Can you use whole wheat flour? I wouldn’t mind if the consistency was different. I am used to it. I have white whole wheat flour also if that works.
I think either one would work Caroline! I’d probably recommend the white whole wheat flour so that the lemon flavor is more prominent. I hope you enjoy the cookies!
Thank you so much! I definitely will! Thank you for such an awesome recipe!
My pleasure Caroline! 🙂
I just made these and they turned out great! I made them a little bigger than I intended because the stickiness is a little difficult to work with, but totally doable! I will make again!!
I’m so glad you enjoyed them Tara!
I looove these cookies !
How much (g) is 1/2 c. Greek yoghurt?
Did you ever tried this with raspberry?
Did you ever tried to use the hole lemon?
Cheers Dana
I’m so glad you enjoy the cookies Dana! ½ cup of plain nonfat Greek yogurt is 120 grams, although that may vary slightly if you decide to substitute a flavored yogurt instead. Raspberries would work great in this recipe! I haven’t used the whole lemon, but if you prefer lemon treats that are on the more tart than sweet side, you’re welcome to try that. 🙂
Great recipe! Can I use normal plain yogurt or does it have to be greek yogurt?
Regular yogurt will work. I hope you enjoy the cookies Suki!
I love these cookies! I couldn’t find the link to the nutritional value like in many of your other recipes. I’d be interested to know how “healthy” they really are. Thanks.
I’m so glad you enjoyed the cookies! I posted this recipe before I started calculating Nutritional Information for all of my recipes, but this is the nutrition calculator that I use! 🙂
Do you have the nutritional information for this cookie?
This is the free nutrition calculator that I use, if you’d like to know! 🙂 I can’t wait to hear what you think of the cookies Gale!
I made these cookies and I really liked the flavor of the blueberry with the subtle hint of lemon. I followed the recipe as written and cooled them on the pan 5 minutes before removing them. I don’t know what I did wrong, but my cookies stuck to the parchment paper. Any idea where I went wrong? Thanks.
I’m so glad you enjoyed these cookies Pam! That’s odd that your cookies stuck to the parchment paper. I’d love to help solve the mystery! 🙂 What brand of parchment paper did you use? What was the consistency of your cookie dough like just before your baked it? How long did you bake your cookies, and were they firm yet still chewy?
My parchment was an off-brand that states it is non-stick and oven safe. I’ve used it with other cookies with no issues. As mentioned in notes of the recipe I chilled the dough 20 min and the consistency was slightly sticky but workable. I baked them for 12 minutes and yes they were firm yet chewy.
Thank you so much for sharing this information, Pam! Does your roll of parchment paper say to what temperature it’s oven safe? I’ve found some off-brands don’t go quite as high as name brands. I’m wondering if that might be it?

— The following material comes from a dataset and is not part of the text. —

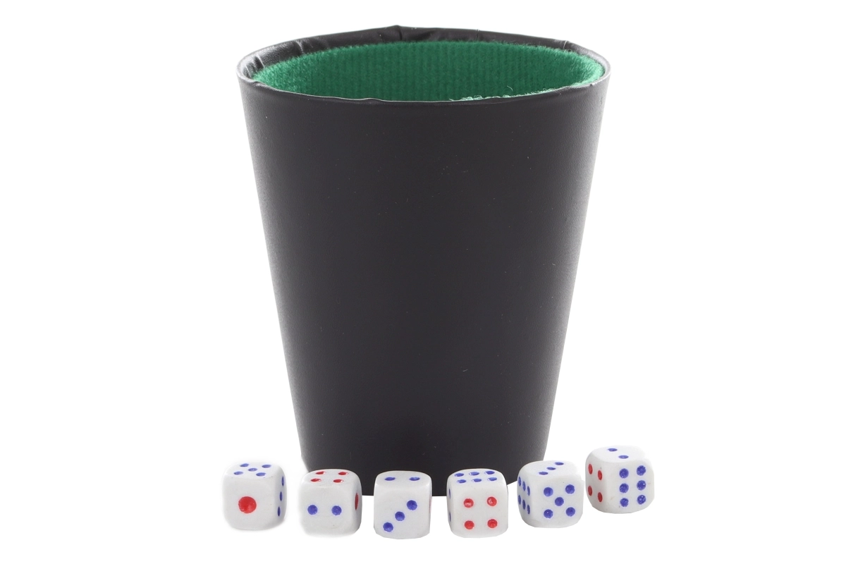 Ciesz się wygodnym i kulturalnym rzucaniem kośćmi dzięki plastikowemu kubkowi z filcowym wykończeniem wewnątrz, które tłumi dźwięk i pomaga utrzymać kości pod kontrolą. Zestaw zawiera sześć standardowych kości do gry o rozmiarze około 1,2 cm – idealnych do klasycznych gier planszowych.

Although I haven’t had these cookies stick to parchment paper, I’ve had it happen with other recipes. For those, I’ll do one of two things: (a) gently twist and slide the cookie while it’s still in contact with the parchment paper, which seems to help release it, and if that doesn’t work and still leaves a lot of the cookie’s bottom stuck to the parchment, then (b) slide a fillet knife {the really thin and flexible kind!} underneath each cookie to release them.
Does that make sense? 🙂
Hi, Amy! Do you think that I could substitute the fresh blueberries for dried ones?
Yes, that should work! If you have the time, then I highly recommend hydrating them first. It makes them plump and juicy, and it gives them an even better texture!

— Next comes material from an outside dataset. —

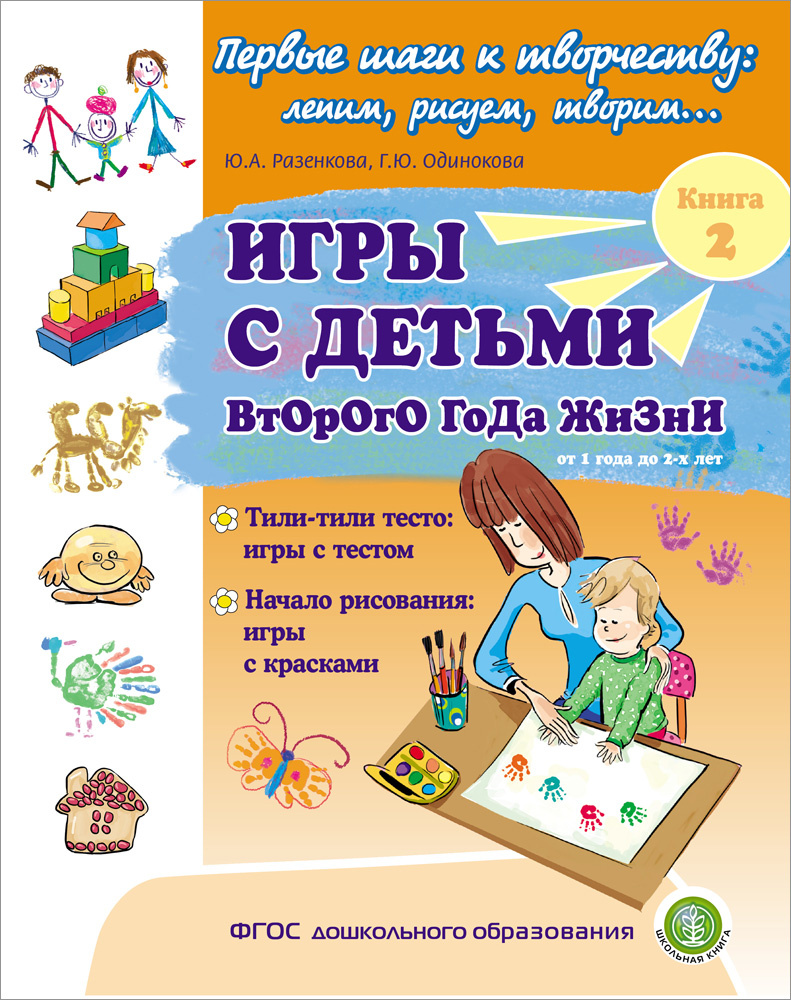 ИГРЫ С ДЕТЬМИ ВТОРОГО ГОДА ЖИЗНИ. Кн. 2: Тили-тили тесто: игры с тестом. Начало рисования: игры с красками / Под ред. Ю.А. Разенковой. — М.: Школьная Книга, 2022. — 64 с.: ч/б илл. (Серия «Первые шаги к творчеству: лепим, рисуем, творим...») ISBN 978-5-00013-245-6 Книга посвящена истокам творчества ребёнка второго года жизни (от 1 года до 2 лет). В ней собраны интересные и доступные для его возможностей игры, которые помогут родителям, взрослым сопровождать и поддерживать процесс развития своего малыша. Важная особенность содержащихся в книге игр — участие в них не только взрослых, родителей, но и хорошо знакомых малышу игрушек: зайки, мишки, куклы, машинки, которым кроха с удовольствием показывает своё творение, рассказывает о нём с помощью взрослого. В процессе игры малыши получают первые представления о форме, цвете и величине предметов игрового материала, проявляют двигательную активность, развивают мелкую моторику, воображение, эмоции и делают первые шаги на пути к творчеству. Кн

To hydrate your dried blueberries, add them to a microwave-safe bowl, cover them with water, and cover the top of the bowl with a lid or plastic wrap. Microwave on high for 1 minute. Let them sit for 10-15 minutes (or while you measure and mix together the rest of the ingredients). Thoroughly drain the excess liquid before folding them into the cookie dough.
I’m excited to hear what you think of these cookies, Sarah!